A análise, então, para uns passa a ser o lugar de superação e reflexão dos sintomas. Para outros, representa a chave do labirinto, abrindo e fechando portas do mundo imaginário, de modo que possa retomar e centrar-se no convívio seguro e, ao menos, satisfatório com outros seres. Em outros casos serve para o esclarecimento, contenção e reeducação de comportamentos, especialmente aqueles mais violentos, que buscam ferir a integridade física ou mental de si mesmo e do outro.

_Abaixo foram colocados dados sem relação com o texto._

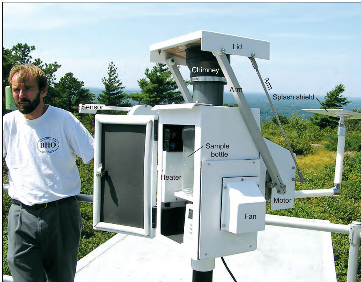
Figure 3. Top-loading N-Con mercury wet-deposition sampler, Blue Hill Observatory, Milton, Mass.

samples with sufficient volume (300 mL) for HgT and MeHg analyses. Samples with less than 300 mL were analyzed for only HgT.
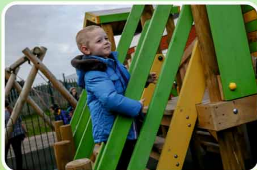
EXAMPLES OF YOUNG EXPLORERS
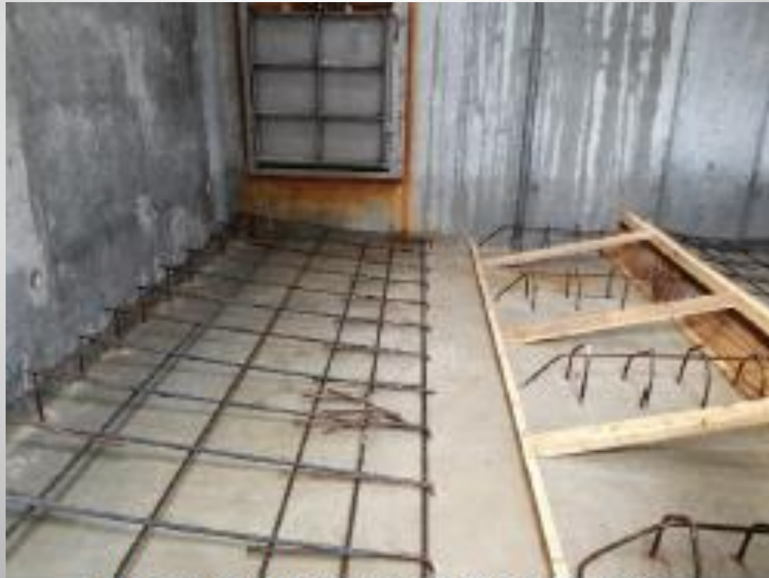
Rebar for IR Pump Station Topping
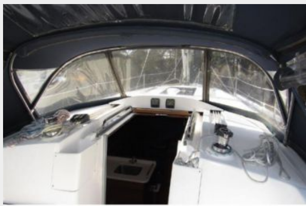
Dodger, halyard winches and companionway
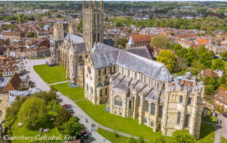
Canterbury Cathedral, Kent
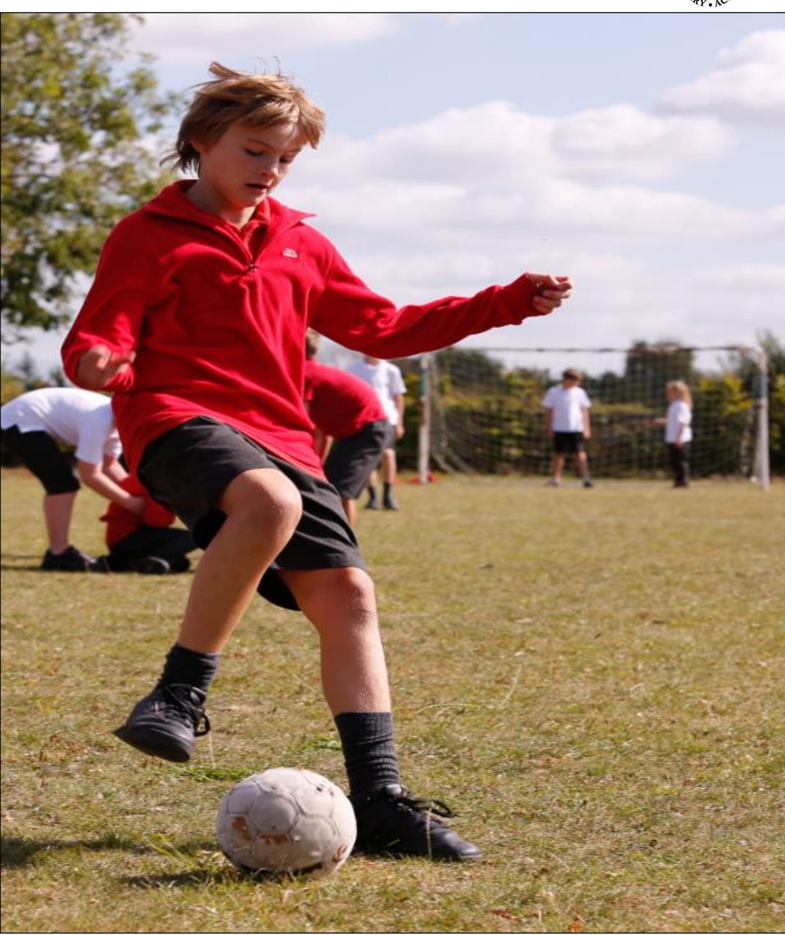
SCHOOL PROSPECTUS 2023-24
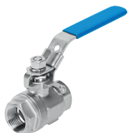
Ball valve VZBE, manual
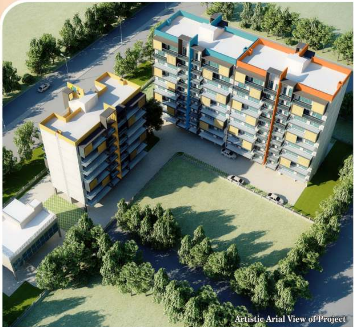
Artistic Arial View of Project
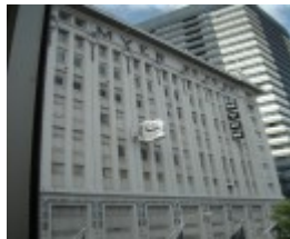
H2100 myers melbourne lonsdale street facade jan06 jb
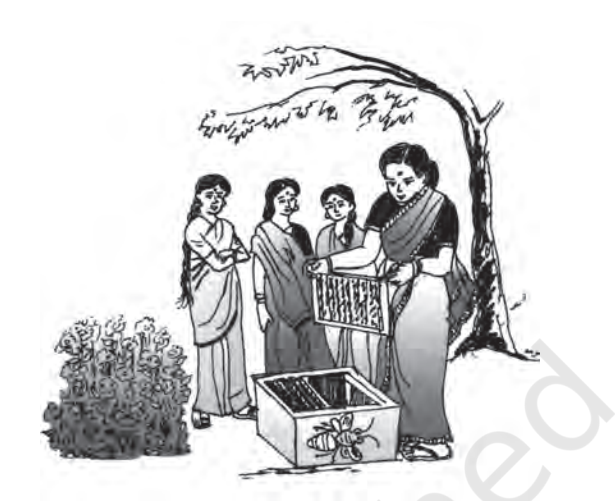
Fig. 5.5 Women in rural households take up beekeeping as an entrepreneurial activity

maintenance, hybrid seed production and tissue culture, propagation of fruits and flowers and food processing are highly remunerative employment options for women in rural areas.
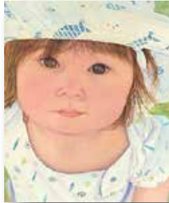
• "Sweet Ziggy" 3rd place in watercolor at the ACCV Show
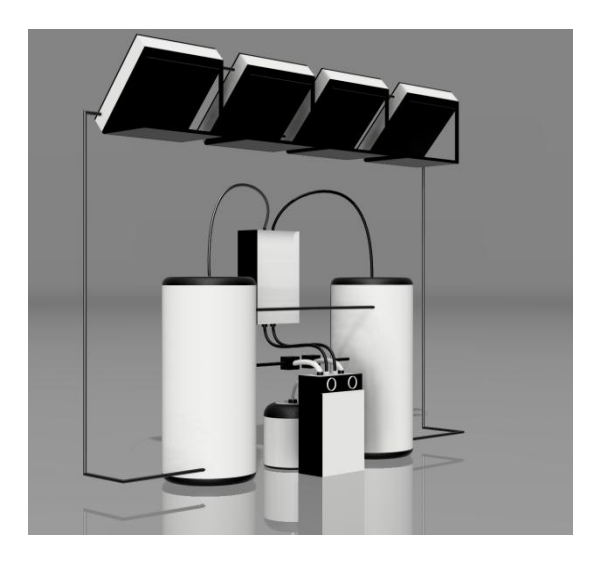
Fig 4- 3D model of solar water heater

conceptual. The complete setup made the solar water heater complete and different analyses have been carried out for the selection of components. The total design was carried out in Fusion 360 with the advancement features available in the CAD software.
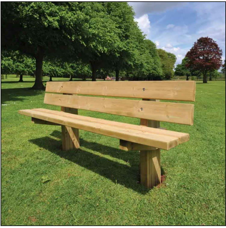
FI Hatton Rustic 4 Slat Seat Supplier: Broxap or similar approved
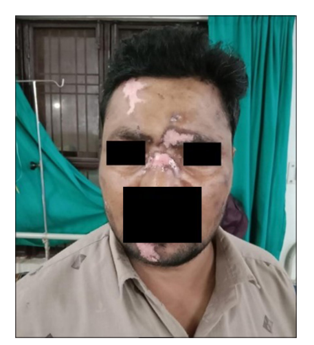
Figure 2: Wounds in different stages of healing at week 4. (Multiple erosive areas with healed granulation tissues surrounding hyper-pigmentation of size varying 0.5 \times 0.5 cm to 4 \times 3 cm present over forehead, above nasal ridge and chin).

In our case, we carefully excluded other psychiatric disorders and serious conditions through detailed clinical and psychometric evaluations, including the use of the International Personality Disorder Examination Screening Questionnaire. This thorough approach was essential for both accurate diagnosis and effective management.

Desse modo, o que era "insustentável" e "insuportável" vai, pouco a pouco, tornando-se a condição natural da vida com seus fluxos de "certezas" (Permênides"), "incertezas" (Heráclito) e "imponderabilidades" ("Pandora", Hesíodo), onde se pode e deve banhar-se sem pretender conter, reter ou controlar aquilo que frequentemente se transforma, nem sempre na direção de satisfazer nossos desejos.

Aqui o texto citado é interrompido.